Patient de 52 ans présentant un scléromyxœdème (syndrome d’Arndt-Gottron) : Le patient s’est présenté en consultation externe pour des papules disséminées depuis un an [7]. Aucune amélioration n’avait été observée lors d’un traitement antérieur à l’acitrétine. Aucune maladie chronique n’était connue. Il n’y avait pas de symptôme B. Le patient a déclaré un abus de nicotine de 30 pack years. Cliniquement, des papules de la taille d’une lentille et d’aspect cireux sont apparues en masse au niveau de la nuque, des faces d’extension des bras et du dos des mains ainsi que des faces d’extension des doigts. Histologiquement, des amas interstitiels de mucine entourés de fibroblastes étaient visibles dans le derme supérieur à profond. De discrets infiltrats lymphocytaires périvasculaires ont été observés. Dans le cadre d’un diagnostic plus approfondi, une gammapathie monoclonale IgG de type lambda a été mise en évidence. D’un point de vue hématologique, il n’y avait pas de nécessité d’agir à cet égard. La radiographie du thorax et l’échographie de l’abdomen n’ont révélé aucune anomalie. Un traitement systémique par isotrétinoïne 20 mg pendant 6 mois a été mis en place. Sous traitement, l’affection locale a progressé, avec une augmentation des lésions cutanées au niveau du tronc et, entre-temps, une atteinte de la glabelle et des sourcils. Il a donc été décidé de mettre en place un traitement par immunoglobulines intraveineuses à raison de 2 g/kg de poids corporel répartis sur 3 jours. Après un seul cycle de traitement, un début de régression des lésions cutanées a été constaté. Le scléromyxœdème d’Arndt-Gottron est une mucinose cutanée caractérisée par des papules sclérodermiformes et généralement associée à une gammapathie monoclonale. Des complications peuvent survenir au niveau du système cardiovasculaire, du tractus gastro-intestinal, des poumons, des reins et du système nerveux central.
Littérature :
- Coordination nationale des maladies rares (Kosek), www.kosekschweiz.ch, (dernière consultation 03.06.2024)

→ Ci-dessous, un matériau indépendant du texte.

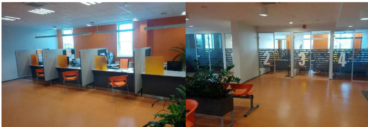
Töötukassa teeninduslett ja mõned vestlusruumid Põlvas

Töötukassa spetsiifika seisneb selles, et paljud kliendid peavad kuni töö leidmiseni regulaarselt käima asutuse teenindusbüroos. Kliente nõustavad töövahenduskonsultandid teenindusletis ja juhtumikorraldajad vestlusruumis. Töövahenduskonsultant nõustab inimesi, kelle eeldused tööle saada on suuremad ning ühe kliendi kohtumine kestab ligikaudu 15 minutit. Juhtumikorraldajad tegelevad suuremat privaatsust ja põhjalikumat nõustamist vajavate klientidega, kelle nõustamiseks kulub rohkem aega ca 30-45 minutit nõustamiskorra kohta. Nõustamise eesmärk on klientide tööle saamisele kaasa aidata. Igal juhtumikorraldajal on oma vestlusruum, mis on ühtlasi ka tema töökoht. Töötukassa esinduste ruumid on paigutatud ja kujundatud selliselt, et need toetaksid funktsionaalselt klientide nõustamist ja neile teenuste osutamist. Näiteks on kõigile inimestele avatud karjäärinõustamise ja karjääriinfo ala, nõustamisala jaguneb kolmeks vastavalt erinevate kliendirühmade vajadustele (nõustamise ulatus, privaatsus jms). Tagatud on nõustamiskeskonna ligipääsetavus erivajadusega inimestele ja vastavalt abivajaduse ulatusele või keerukusele privaatsem keskkond pikemate nõustamiste läbiviimiseks.
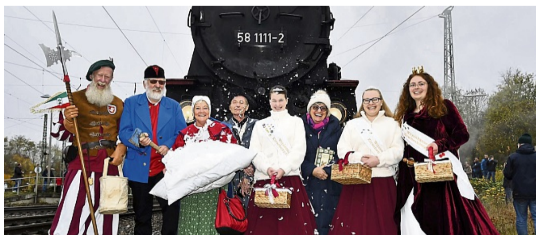
Wie im Märchen: In Eichenberg lässt es Frau Holle zur Freude der für Städte der Grimmheimat Nordhessen stehenden Originale schnell mal schneien.
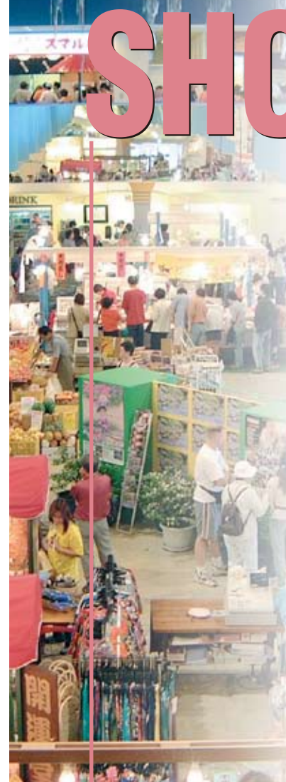
■ファーマーズマーケット「いで湯っこ市場」(地図 P29・30 C-3 ☎0557-44-5050)
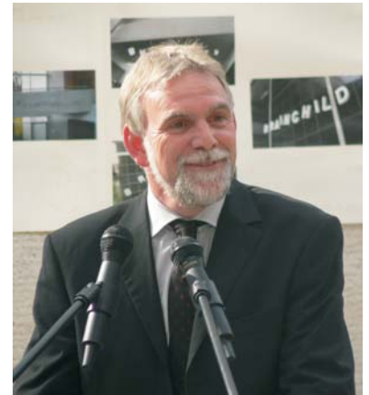
Jochen Flasbarth, derzeitiger Präsident des Umweltbundesamtes.

Anscheinend peinlich berührt von der eigenen Trägheit, reagierte das Amt in der gewohnten Art. Es schob die Verantwortung anderen zu. Der Chef der Behörde, Jochen Flasbarth (Foto rechts), forderte die Lampenhersteller auf, ihre Produkte so sicher zu machen, dass kein Quecksilber austreten könne, zum Beispiel durch eine zusätzliche Ummantelung der eigentlichen Leuchtröhre. „Die richtige und notwendige Energieeinsparung von bis zu 80 Prozent gegenüber Glühbirnen muss einhergehen mit sicheren Produkten, von denen keine vermeidbaren Gesundheitsrisiken ausgehen“, meinte Flasbarth. Im selben Artikel verlangte Gerd Billen, der Sprecher des Verbraucherzentrale
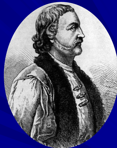
Борис Алексеевич Голицын, князь, боярин, руководитель приказа Казанского дворца, воспитатель юного Петра.
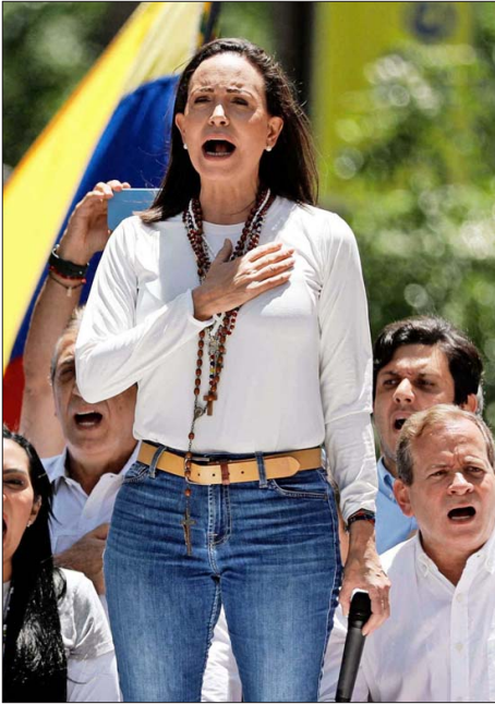
MACHADO dijo que quienes participen serán cómplices de Maduro.

Por su decisión de competir, el exgobernador del estado de Miranda fue expulsado del partido de toda su vida, Primero
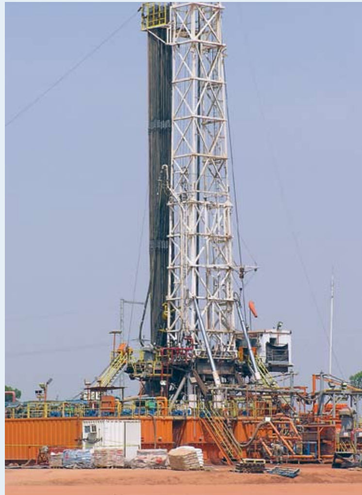
Ölbohrturm im Tschad.

Die PWYP-Koalition in Ghana fordert daher, dass EITI ein breiteres Mandat erhält, um all die anderen Probleme des Rohstoffabbaus, die bisher von der Initiative nicht behandelt werden, bearbeiten zu können. Dies schließt auch weitere Aspekte der Transparenz ein, einschließlich der Transparenz der Förderverträge, der politischen Entscheidungsfindung und der regulatorischen Maßnahmen.
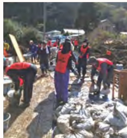
浅川地区ボランティア活動
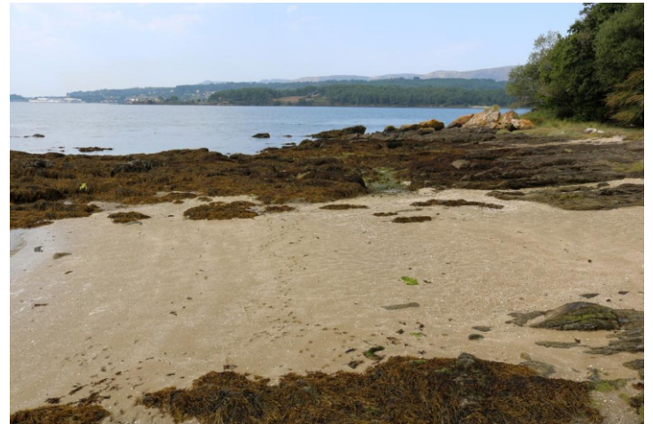
Punta de Iñobre
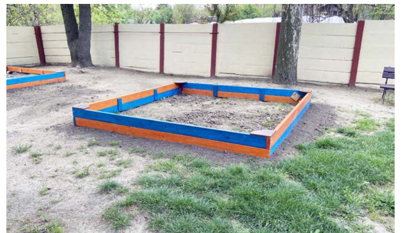
Egyedi gyártású homokozó az óvoda igényeire szabva
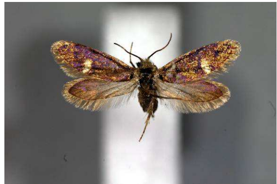
Abbildung 21: Eriocrania unimaculalla
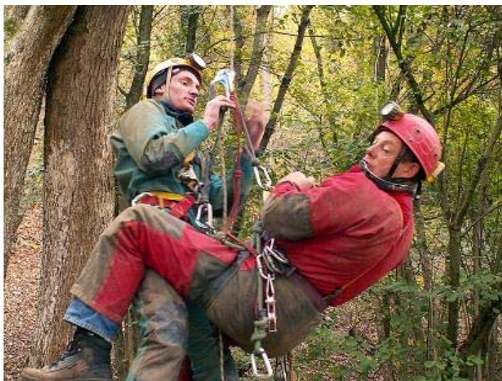
" déscastratie "
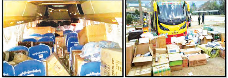
တရားဝင်စာရွက်စာတမ်း တစ်စုံတစ်ရာ တင်ပြနိုင်ခြင်းမရှိသည့် စက်ပစ္စည်းများနှင့် လူသုံးကုန်ပစ္စည်းများ

ရမ်းပြည်နယ် အရှေ့မြောက်ဒေသ ရန်လုံကျိုင်းအနီးပတ်ဝန်းကျင်မှ MNDAA လက်နက်ကိုင်အဖွဲ့များ အသုံးပြုသည့် Airguns သေနတ်နှင့် ခဲယမ်းဆက်စပ်ပစ္စည်းများကို မတ် ၂၁ ရက်က သိမ်းဆည်းရမိခဲ့ကြောင်း သိရသည်။ လောက်ကိုင်မြို့နှင့် အနီးပတ်ဝန်းကျင်တစ်ဝိုက်၌ တပ်မတော်စစ်ကြောင်း များက MNDAA လက်နက်ကိုင်အဖွဲ့များကို ဖြန့်ခွဲထိန်းချုပ်လျက်ရှိရာ မတ် ၂၁ ရက် နံနက် ၁၀ နာရီခွဲက ရန်လုံကျိုင်း ရဲစခန်းအနီးရှိ အဆောက်အအုံများအတွင်း နယ်မြေရှင်းလင်းစဉ် AIR-PORE Airguns တံဆိပ်ပါ Airgun အမျိုးအစား (မှန်ပြောင်းပါ) သေနတ် တစ်လက်၊ ပြိုင်-၂၂ ကျည်အပါအဝင် ကျည်မျိုးစုံ ၁၈၈ တောင်၊ ကျည်အိမ် မျိုးစုံ လေးခု၊ လက်ပစ်ဗုံး လေးလုံးတို့ကို ရှာဖွေတွေ့ရှိ သိမ်းဆည်းရမိခဲ့ကြောင်း သတင်းရရှိသည်။ (သတင်းစဉ်)

- «Seltene Hautkrankheiten», www.derma.swiss/patienten/seltene-hautkrankheiten, (dernière consultation 03.06.2024)
- «Keratosis palmoplantaris vom Typ Vörner: Klinische und formalgenetische Untersuchungen», https://archiv.ub.uni-marburg.de/diss/z2000/0196/pdf/dhb.pdf, (dernière consultation 03.06.2024)
- Hoffmann JHO, Enk AH: Skleromyxödem. JDDG 2020; 18(12): 1449-1468. https://onlinelibrary.wiley.com/doi/pdf/10.1111/ddg.14319_g.

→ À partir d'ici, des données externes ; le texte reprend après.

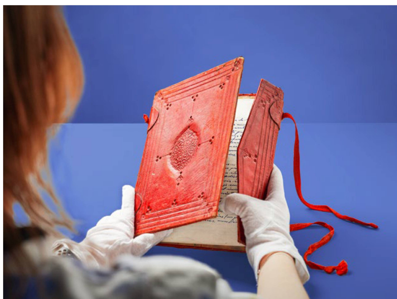
Isabelle Eberhardt Portefeuille venant de la collection Isabelle Eberhardt

différentes versions de ses romans, un dossier de presse, des lettres du public, des distinctions ainsi que quelques dessins et collages. Les archives littéraires de l'écrivain du Vallemaggia (TI) Plinio Martini (1923–1979) sont venues enrichir le fonds de langue italienne, alors que la collection de documents et de manuscrits de l'écrivaine et voyageuse francophone Isabelle Eberhardt (1877–1904) constitue une découverte dont l'importance doit encore être établie.
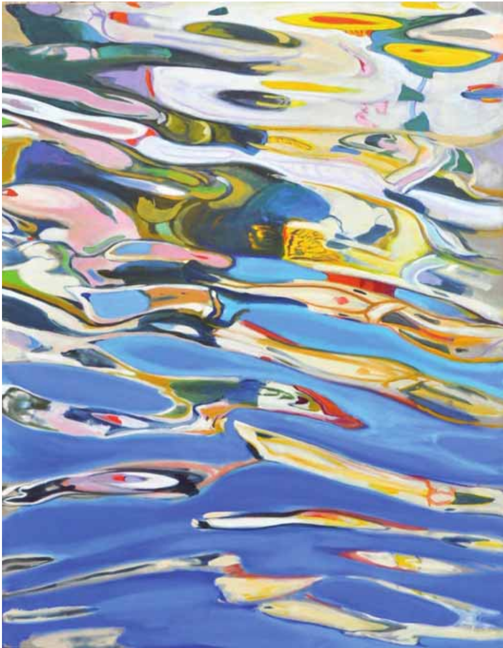
Le jeu de la lumière sur l'eau et son influence sur les couleurs occupent une place prépondérante dans l'oeuvre de Kevin Pearsh. This play of light and colours on the surface of water is a main ingredient of Kevin Pearsh's art.

l'eau, peint par Kevin Pearsh, n'a pas de frontière. A l'image de ce petit garçon, assis sur un muret et contemplant le Gange, on se surprend à se perdre dans les reflets de ces toiles et à y recréer les paysages, les hommes et les femmes, les ciels et les soleils irréels qui dansent à la surface de ces lacs, rivières et océans. A l'image de la large toile (140 x 300 cm) qui sert de pivot central à Ganga 21, on pourra tout aussi bien y retrouver les teintes ocre des saris ou les couleurs vives des barques des pêcheurs que les reflets d'un monde intime. Largement saluée par la presse et par le public, l'œuvre de Kevin Pearsh est une fenêtre onirique sur un monde que chacun découvre avec sa sensibilité propre. Pour y accéder, il faudra cependant s'armer de patience. Plébiscité en Inde, l'exposition Ganga 21 ne devrait pas être présentée en Europe avant plusieurs années. Et les quelques rares œuvres disponibles à la vente ne sont visibles que dans un seul lieu en Europe, la galerie d'art contemporain « Number 9 » à Birmingham, en Angleterre.
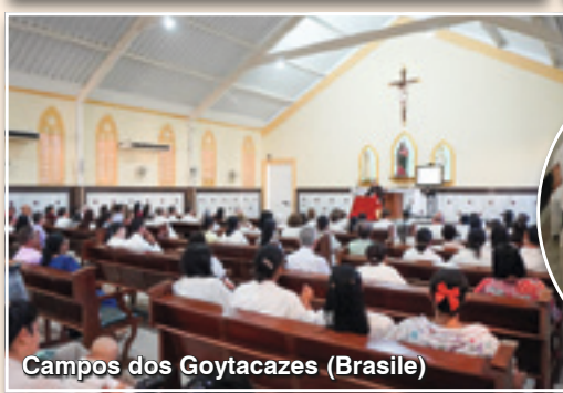
Campos dos Goytacazes (Brasile)
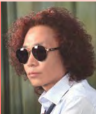
남, 시각장애, 대중음악
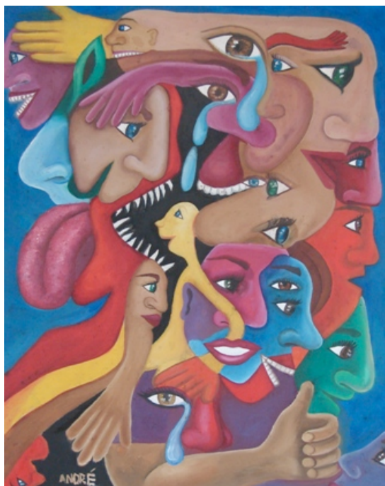
Figura 5: Diálogos
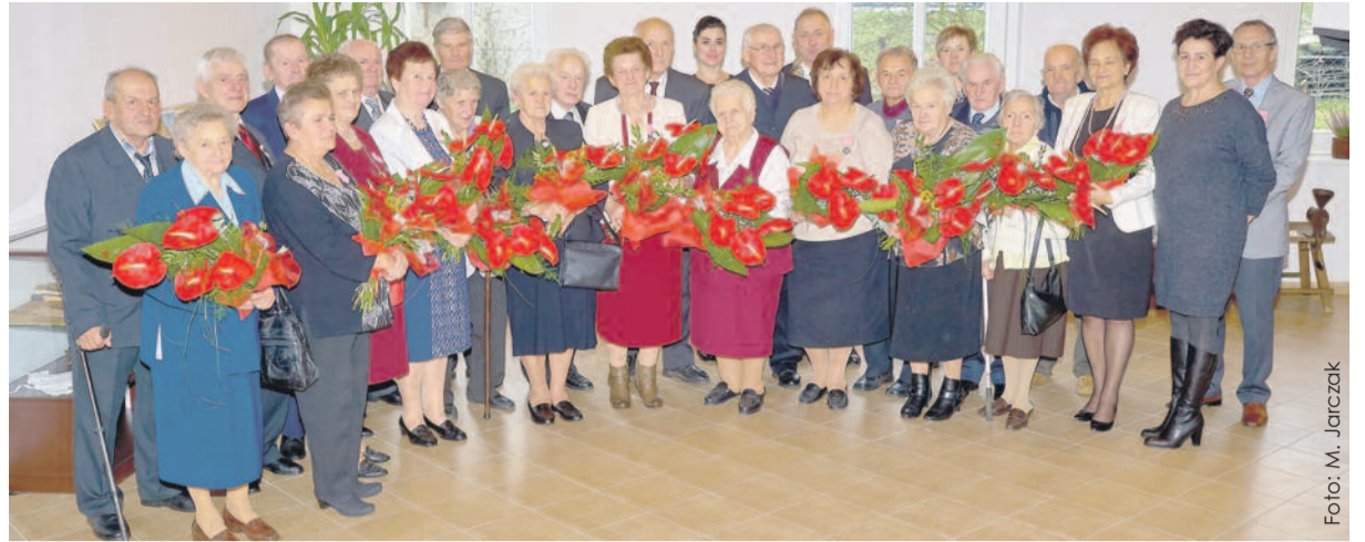
Jubilaci po odebraniu życzeń podczas uroczystości, która uczciła ich 50- i 60-lecie małżeństwa.

Po przywitaniu gości wójt wygłosił ciepłe przemówienie do zebranych Jubilatów i odznaczył pary medalami. Gości dopełniły życzenia, upominki oraz kwiaty. Oto pary, które obchodziły
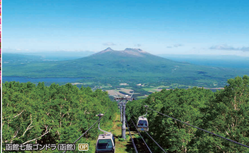
函館七飯 Gondola(函館) OP
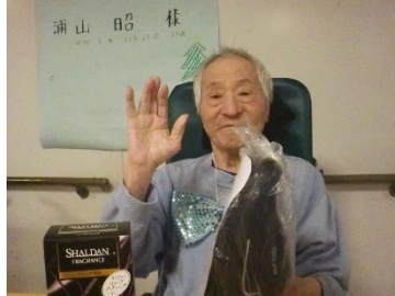
『プレゼント、ありがとう♪』
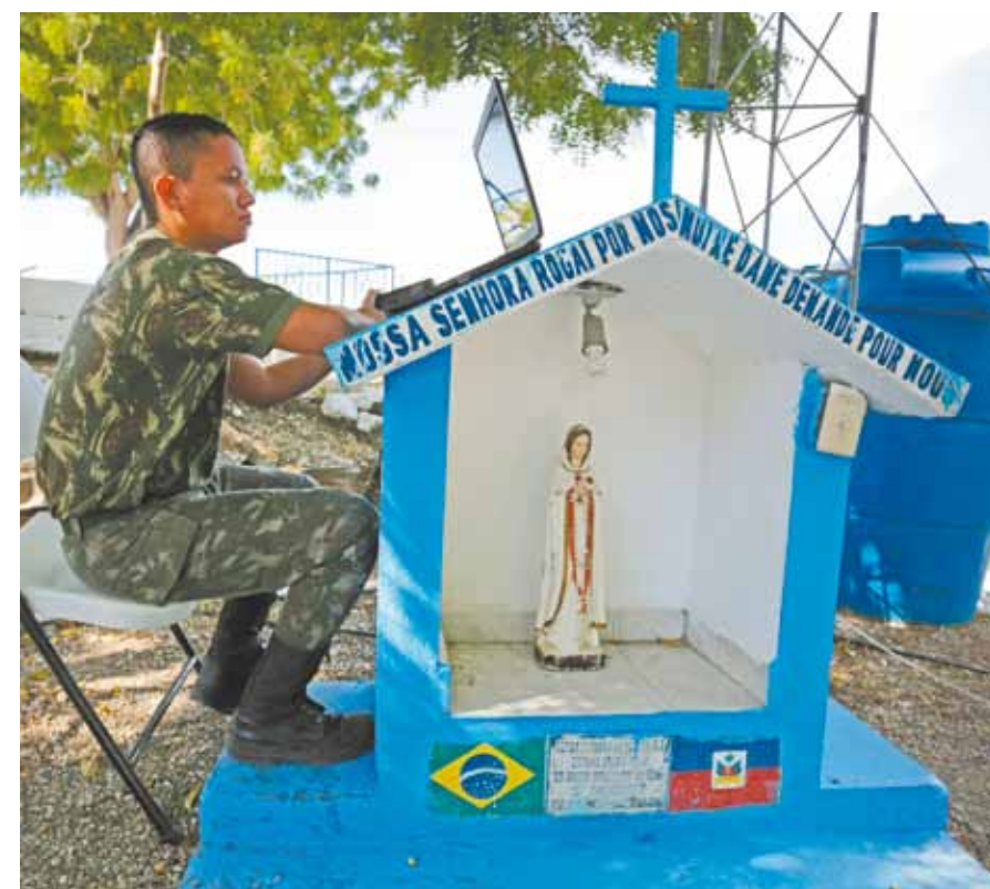
Soldado busca sinal de internet para matar a saudade da família no Brasil

- Calonje E, et al.: Degenerative and metabolic diseases. In: Calo nje E: McKees’s Pathology of the Skin. 5 ed.: Elsevier, 2020: 621–622.
- Koschitzki K-T, et al.: Hereditäre epidermolythische Palmoplantarkeratose (PPK) aufgrund einer Desmoglein-1-Mutation, P077. JDDG 2024; 22, Issue S1: 1–40.

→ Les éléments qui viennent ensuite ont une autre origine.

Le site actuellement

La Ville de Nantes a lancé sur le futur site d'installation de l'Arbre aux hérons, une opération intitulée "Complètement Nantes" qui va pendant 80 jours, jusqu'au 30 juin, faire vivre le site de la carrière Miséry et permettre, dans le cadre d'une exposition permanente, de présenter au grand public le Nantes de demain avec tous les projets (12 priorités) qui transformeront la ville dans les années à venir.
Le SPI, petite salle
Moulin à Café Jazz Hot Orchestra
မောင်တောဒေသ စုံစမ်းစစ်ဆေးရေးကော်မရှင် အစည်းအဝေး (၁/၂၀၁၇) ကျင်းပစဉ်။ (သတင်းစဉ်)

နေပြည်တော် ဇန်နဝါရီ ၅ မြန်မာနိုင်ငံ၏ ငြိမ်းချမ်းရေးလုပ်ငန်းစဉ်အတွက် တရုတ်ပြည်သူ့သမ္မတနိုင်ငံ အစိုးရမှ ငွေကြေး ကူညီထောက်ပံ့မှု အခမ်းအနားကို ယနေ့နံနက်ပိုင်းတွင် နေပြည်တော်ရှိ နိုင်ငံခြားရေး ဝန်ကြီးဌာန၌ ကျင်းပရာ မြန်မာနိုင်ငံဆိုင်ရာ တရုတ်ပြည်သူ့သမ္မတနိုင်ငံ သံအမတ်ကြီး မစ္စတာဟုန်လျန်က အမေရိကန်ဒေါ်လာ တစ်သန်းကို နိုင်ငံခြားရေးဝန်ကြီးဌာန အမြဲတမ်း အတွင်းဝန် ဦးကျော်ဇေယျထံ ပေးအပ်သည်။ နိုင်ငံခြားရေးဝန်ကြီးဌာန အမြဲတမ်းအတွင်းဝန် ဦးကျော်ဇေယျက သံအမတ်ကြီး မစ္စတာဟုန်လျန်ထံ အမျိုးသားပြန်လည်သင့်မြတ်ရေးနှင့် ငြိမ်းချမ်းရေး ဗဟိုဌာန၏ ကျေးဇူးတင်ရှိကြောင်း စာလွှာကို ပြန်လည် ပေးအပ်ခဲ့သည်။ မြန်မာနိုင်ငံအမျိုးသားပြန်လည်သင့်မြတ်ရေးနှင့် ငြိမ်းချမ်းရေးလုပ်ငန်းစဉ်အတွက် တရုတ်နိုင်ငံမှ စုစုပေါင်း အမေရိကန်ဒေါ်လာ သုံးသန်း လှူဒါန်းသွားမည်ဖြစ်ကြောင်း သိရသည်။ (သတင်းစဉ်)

- Mann C, Butsch F, Staubach-Renz P: Erfolgreiche Therapie eines Scleromyxoedems mit Intravenösen Immunglobulinen, P074. JDDG 2024; 22, Issue S1: 1–40.
- Hohl D: Was verbindet seltene Hautkrankheiten mit unserer täglichen Praxis? Swiss Medical Forum 2023; 23(12): 978–979.
- Sprecher E: What do rare and common have in com mon? Br J Dermatol 2022; 187(3): 279–280.
- Ferreira CR: The burden of rare diseases. Am J Med Genet A 2019; 179(6): 885–892.
- Neuanfang Wakap S, et al.: Estimating cumulative point prevalence of rare diseases: analysis of the Orphanet database. European Journal of Human Genetics 2020; 28(2): 165–173.
DERMATOLOGIE PRAXIS 2024 ; 34(3) : 43–44 (publié le 14.6.24, ahead of print)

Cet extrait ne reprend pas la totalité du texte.